It’s not often that one walks into a room fully knowing that they are about to witness history, but when I finally walked through the door of the K-Rock Centre on August 20th, 2016 there was no question that the evening would become etched in stone. It was the last stop of The Tragically Hip’s final run, a hometown farewell that capped a front-page headline tour that the whole country would be watching.
(Almost quite literally; about twelve million Canadians tuned in to watch this show live on television, putting this concert in front of more than a third of my countrymen. There were viewing parties across the country. The show was broadcast in bars and pubs and on screens set up in parks from coast-to-coast. This concert unified Canadians like a musical Gold Medal hockey game.)

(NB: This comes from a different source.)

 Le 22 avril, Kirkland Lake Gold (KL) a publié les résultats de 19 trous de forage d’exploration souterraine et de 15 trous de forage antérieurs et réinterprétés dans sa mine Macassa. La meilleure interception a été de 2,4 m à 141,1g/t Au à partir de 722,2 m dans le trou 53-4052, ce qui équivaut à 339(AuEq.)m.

When the news first broke that Gord Downie had been diagnosed with terminal brain cancer my heart sank along with every other heart in the nation, and though I secured tickets to two stops on the tour (Ottawa and night one of a three-night stand in Toronto) I was absolutely determined to be at the final show. Of course the tickets sold out instantly and scalpers were having an absolute field day, so much so that MPP’s started introducing anti-scalping legislation just a few months after this historic evening.
As the date approached I started grovelling – both online and in person – but to no avail. There was no way I was going to support the scalper industry but there was also no way I was missing this show. M’lady and I discussed camping out overnight at the venue’s box office the night before the concert in hopes that there would be a ticket rerelease but we decided that would be very unlikely and we bailed.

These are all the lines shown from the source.